O potencial econômico da agricultura
irrigada é muito grande e sua relevância social representada pela geração de
milhares de empregos permanentes é
tremenda para ficar quase que totalmente dependente apenas da oferta de um par
de produtos in natura a um mercado predominantemente
externo e estacional. A região não é só agricultura irrigada. A
caprino-ovinocultura é um exemplo disso e apresenta condições excepcionais de
integrar de forma ambientalmente harmônica as duas áreas. Para se ter uma
idéia, um recente estudo da Markestrat/Sebrae/Banco do Brasil, ainda não
publicado, apontou uma movimentação financeira de quase 300 milhões de reais
anuais da caprino-ovinocultura, apenas em cinco municípios do semiárido baiano
(Remanso, Casa Nova, Juazeiro, Curaçá e Uauá). Isto pode ser considerado
excepcional, se considerarmos tratar-se de uma atividade que vive quase toda na
informalidade, inexistente do ponto de vista oficial.

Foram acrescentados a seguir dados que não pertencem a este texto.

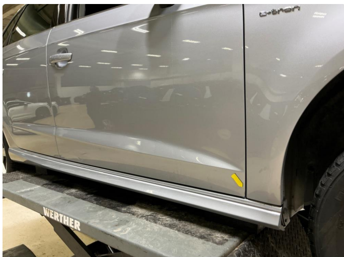
1.1 Blærer forkant h.fordør
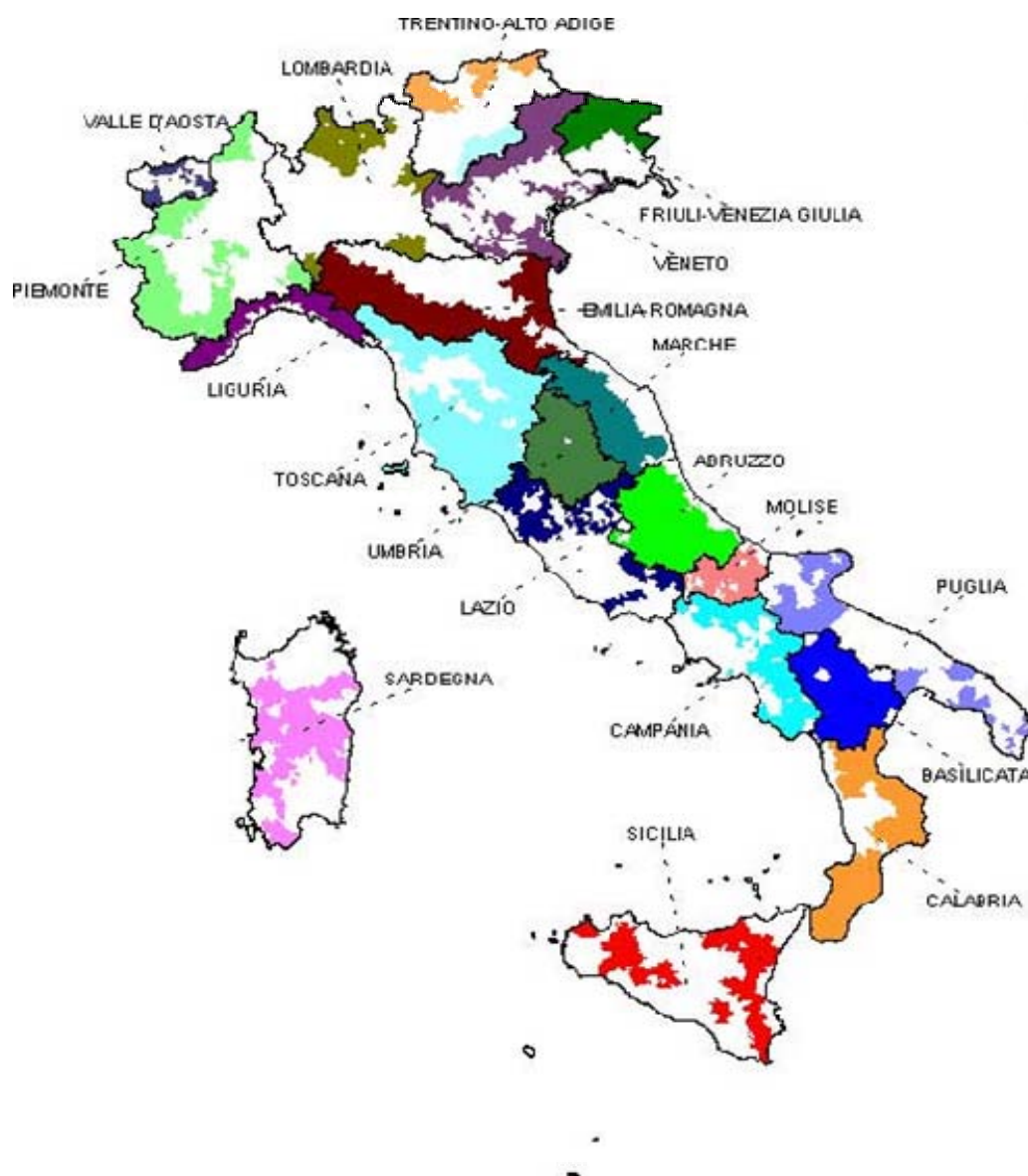
Slika 1: Teritorijalna pokrivenost LAG-ovima po regijama Italije

Izvor: http://ec.europa.eu/agriculture/rur/leaderplus/memberstates/enlarge_it.htm

A busca da dinamização da economia das populações do semiárido deve evitar a visão reducionista de desenvolvimento que enxerga uma oposição entre a “maximização da competitividade” do chamado agronegócio e a “diversificação das economias locais” propiciada pela agricultura familiar, como se fossem estratégias de desenvolvimento excludentes. Como resultado dessa visão caolha já temos, esdruxulamente, dois ministérios tentando, cada um a seu gosto, fazer a mesma coisa. O projeto Canal do Sertão pode representar um primeiro passo concreto em direção a uma nova forma de enxergar mais objetivamente as coisas do semiárido.